E tu, naturalmente, lettore chitarrista che ti nutri di tutto quello che riguarda la tecnica, le tablature, la liuteria e tutto quanto, mettiti comodo. Il libro di cui si parla ti riguarda da vicino.

Quello che rende interessante per tutti l’esistenza di questo libro è che Maurizio Angeletti è un chitarrista che si può definire storico, avendo egli inciso nel 1980 quello che è con buona certezza il primo album italiano di chitarra acustica (portava il suo nome, uscì per Young Records e conteneva sia brani tradizionali che originali scritti da lui).

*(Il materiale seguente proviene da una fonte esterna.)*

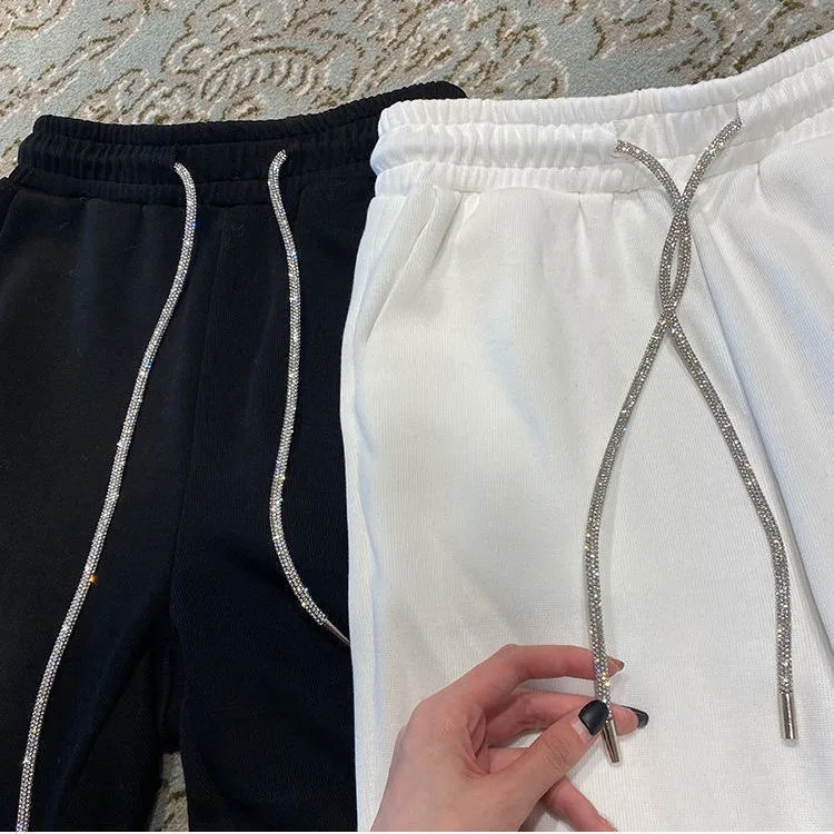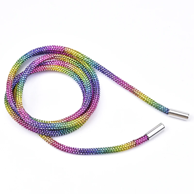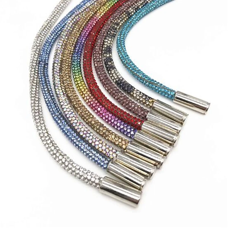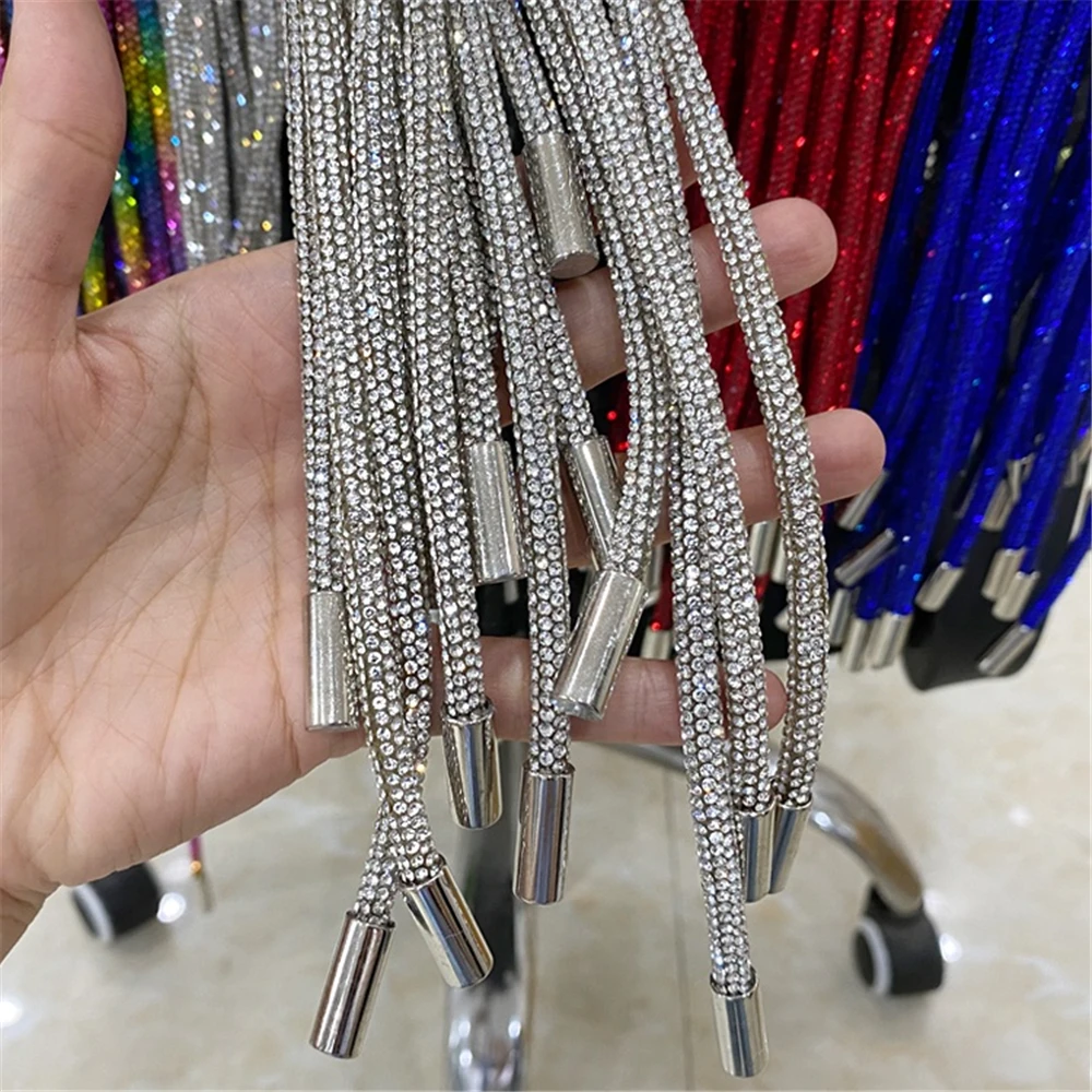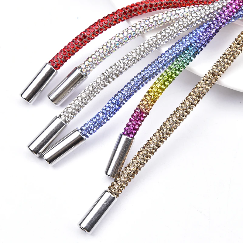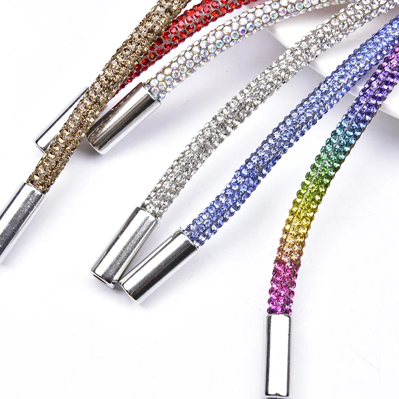 Готовые блестящие круглые стразы с блестящей веревкой для одежды, сменный шнурок с серебряными или золотыми металлическими головками

Era un brillante seguace di John Fahey e di quello stile di chitarra che si chiamava “american primitive guitar”, nato sulla tecnica del fingerpicking e sulle forme del country blues, ma senza il cantato, come per costruire una sorta di tradizione di chitarra classica americana del XX secolo.

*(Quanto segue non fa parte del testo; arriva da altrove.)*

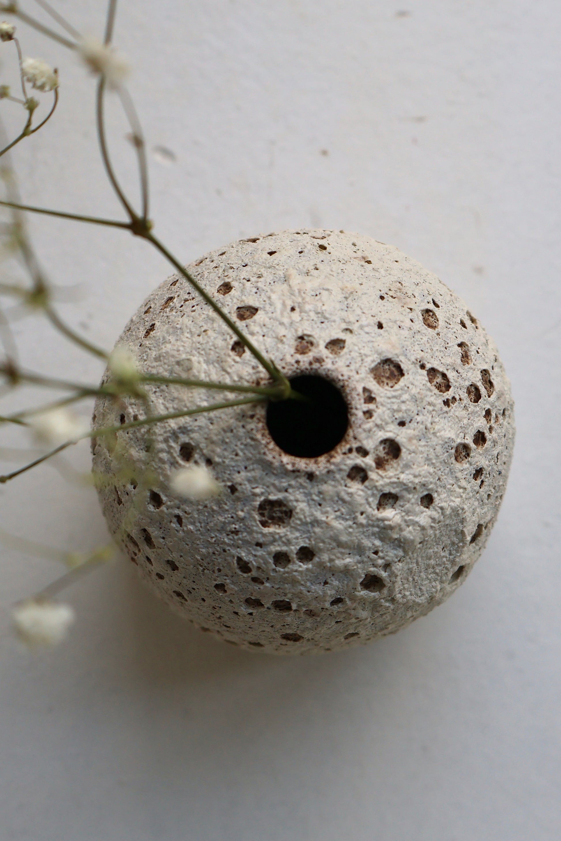 Bud vase glazed in matte white lava glaze and a white glaze on the inside.
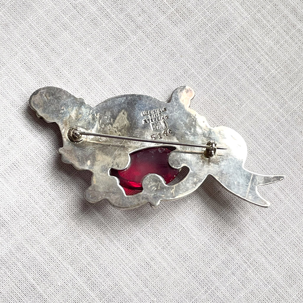 Rare Vintage Los Castillo Brooch Fish in Waves Brooch, Taxco Sterling Brooch #514C
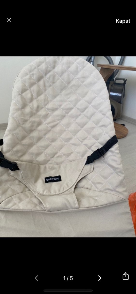 Ayarlanabilir siyah kayışlara ve kapitone görünüme sahip bej renkli bebek taşıma slingidir.
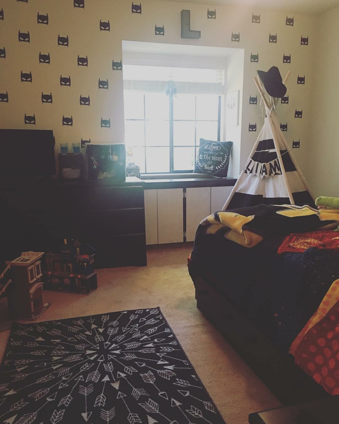 Our home has these amazing reading nooks in every room and bathroom (one of the reasons I absolutely fell in love with the house.) I really wanted to add to this element of the room so we picked some canvas style black out curtains in grey and a shine triangle pattern to add some more fun spots to squirrel away and cozy up to a good book. (My son is all about creating forts if you couldn’t already tell.)
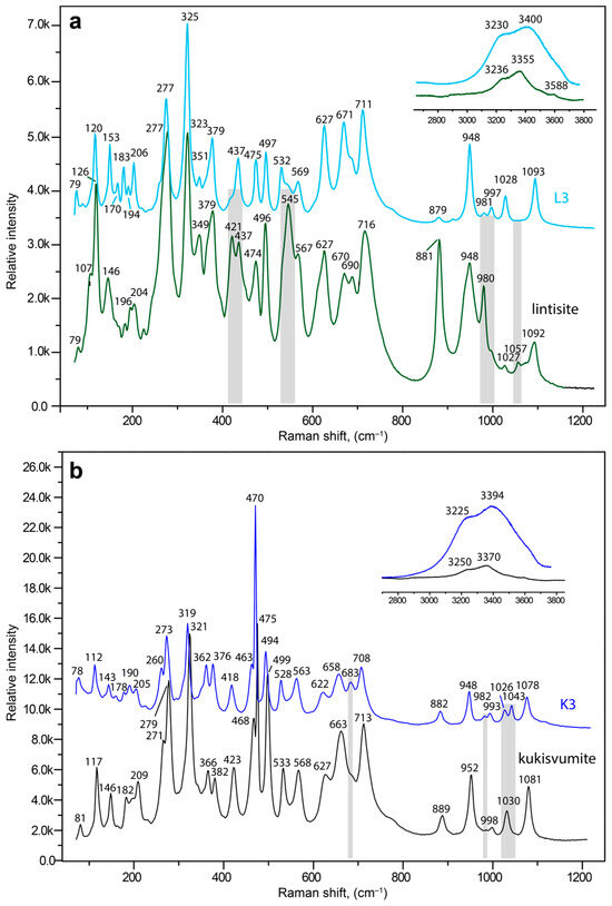 Raman spectra of pristine lintisite (green curve) and the L3 form (light blue curve) (a) kukisvumite (black curve) and the K3 (blue curve) form (b). The most significant differences in the positions or intensities of both spectra are indicated by gray lines.

Maurizio Angeletti nel 1979 con la Martin 00028, foto di Elena Rota (si ringrazia l’autrice).

Gli anni a cavallo del 1980 a Milano erano un momento di grande creatività, in città nasceva un sacco di musica interessante e nei locali si suonava tanta chitarra. Angeletti a Milano era arrivato dopo aver appreso qualche blues da Deborah Kooperman a Bologna. Di quel breve ma eccitante momento fu uno dei musicisti di riferimento, dopo gli esordi nelle prime formazioni di Fabio Treves.
Nel 1982 pubblicò American Guitar, un libro che per chi era interessato alle cose che succedevano nella musica acustica (erano gli anni dei Michael Hedges e degli Alex De Grassi) è un testo fondamentale (ho avuto l’immenso piacere di condividere un po’ di tempo e di lavoro con Maurizio, qualche anno fa, nella cura di una nuova edizione digitale di quel libro).

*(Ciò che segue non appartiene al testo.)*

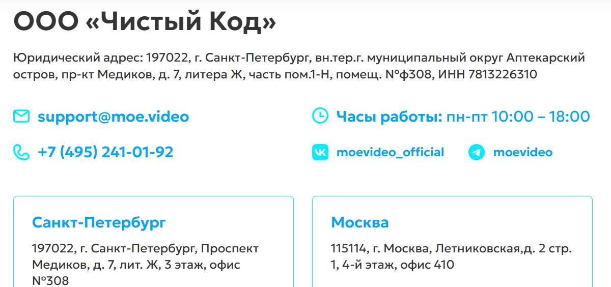 Тем не менее мы не можем отметить моменты, которые все же позволяют на определенном уровне доверять компании. Она как минимум имеет юридическую регистрацию как ООО Чистый Код. В разделе с контактами представлены номера телефонов, почты, и даже два адреса в Москве и Санкт-Петербурге.Сведения о команде проекта в отдельном разделе тоже кажутся положительным моментом, но стоит отметить, что в интернете об этих личностях либо очень мало информации, либо вообще нет.
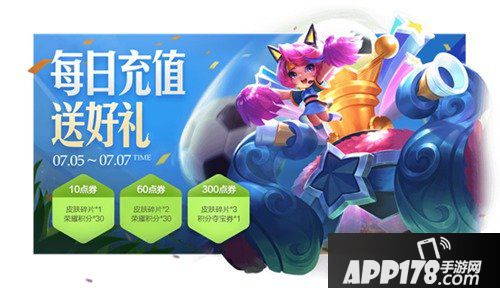 每日充值300点券可额外获得总价值180点券的奖励(皮肤碎片*6+积分夺宝抵用券*1+荣耀积分*60)。
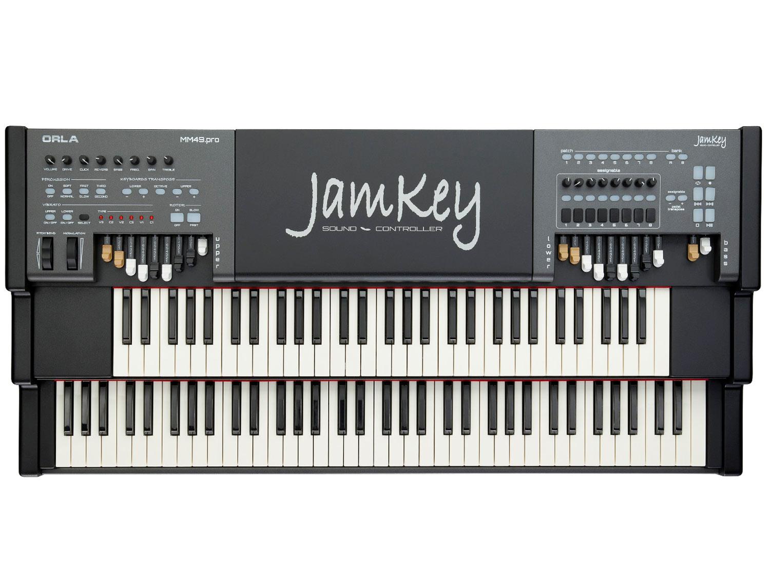 Pensate ad una master keyboard incredibile, dotata di due tastiere waterfall, controlli rotativi e di tutti pulsanti di cui potresti avere bisogno, compresi due set di veri drawbars. Questo è il Jamkey. Il Jamkey semplifica la vita: sul pannello di sinistra, si possono trovare tutti i comandi necessari per controllare le funzioni di un organo "Tone Wheel". Sul pannello di destra, si trovano tasti e controlli rotativi programmabili. Tutti i pulsanti, i controlli rotativi e anche i drawbars possono essere riprogrammati utilizzando l'editor JamKey che è disponibile per il download nel sito Jamkey.net. Si utilizza un computer, un iPad o un modulo sonoro sul palco? La parte centrale della JamKey è stata progettata per alloggiare agevolmente il vostro computer portatile, tablet o modulo sonoro. Quanti strumenti virtuali software per computer utilizzate? Probabilmente molti. Come controllarli tutti quando si è sul palco? Il JamKey è la risposta.
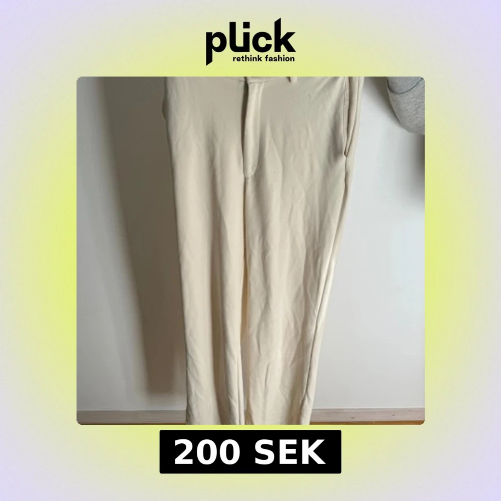 Stilrena beige kostymbyxor med raka ben och hög midja. Byxorna har bälteshällor, sidofickor och stängs med knapp och dragkedja. Perfekta vardags byxor då de är i ”mjukis” material. Perfekt om man vill vara bekväm men endån stilren😍
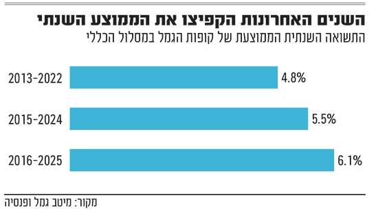 על פי נתונים שאסף אבי ברקוביץ, המשנה למנהל השקעות ראשי מיטב גמל ופנסיה, בעוד שבשנים 2013-2022 הממוצע הרב שנתי במסלול הכללי של קופות הגמל עמד על 4.8% לשנה, הממוצע עלה בשנים 2015-2024 ל־5.5%; ובשנה שעברה הוא כבר הגיע ל־6.1%. כלומר זינוק של 1.3% בממוצע הרב שנתי בשנים האחרונות.
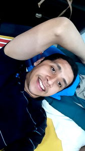 In this image, we see a young man lying on his bed with a broad smile on his face. He seems to be in a casual and comfortable setting, suggesting that the photo might have been taken during a relaxed moment at home. The man is casually dressed, indicating that he is probably not attending a formal event or engaging in work-related activities.
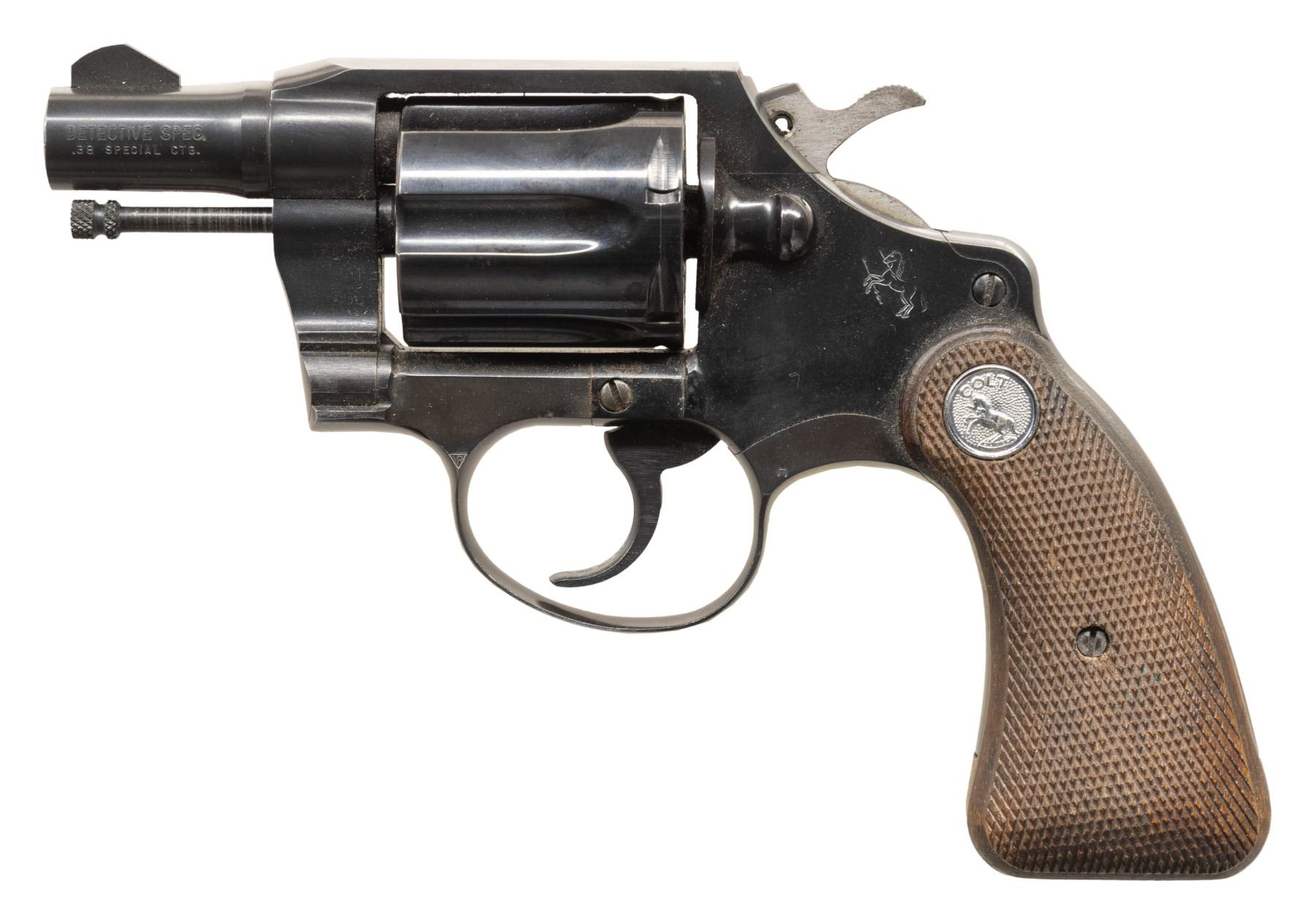 Cal. 38 Spl. S# 909980. Bbl. 2". Serrated blade front sight. Fixed rear sight. 6-shot cyl. 1966 made Detective Special. Blued finish. Checkered hardwood grips with silver Rampant Colt medallions. CONDITION: grips show scattered checkering wear, handling marks & some black staining. Metal retains 90% blue with a notable brown area on cyl, some handling marks & light oxidation. Action functions properly when hand cycled. Bright near excellent bore. (25-6539/MJC). CURIO. $350-550.

Maurizio Angeletti è una mente critica molto vivace, oltre che un musicista speciale. Questo lo ha portato, a un certo punto, a prendere le distanze da un certo periodo della musica e da un certo modo di intendere il blues. E quando prende le distanze lo fa per davvero: chitarrista storico, dicevo, ma potrei aggiungere che il fatto di essere sparito dalla circolazione dopo i primi tre dischi, e di riapparire ogni tanto ma con parsimonia, l’ha reso anche leggendario. Perché poi, negli anni in cui si è appartato, ha lasciato l’Italia e si è dedicato ad altri mestieri, talvolta altrettanto creativi e altrettanto portatori di gioia e piacere per le persone, ma soprattutto si è applicato al violoncello e a studi di linguistica e semiotica. Studi attraverso i quali ha dato una forma più definita alle ragioni che l’avevano portato a non riconoscersi più in quel modo di intendere la musica. Negli anni ha preso posizione su quello che nella sua visione era un paradosso, cioè il chiamare “blues” un materiale decontestualizzato dalla cornice storica e dalle condizioni sociali nelle quali era nata la musica afroamericana e calato dentro una altra cultura che è per definizione incommensurabile. «L’inglese non si “spiega” tramite l’italiano; l’italiano non si “spiega” tramite l’inglese», è il modo in cui illustrava la questione nell’appendice all’edizione 2015 di American Guitar.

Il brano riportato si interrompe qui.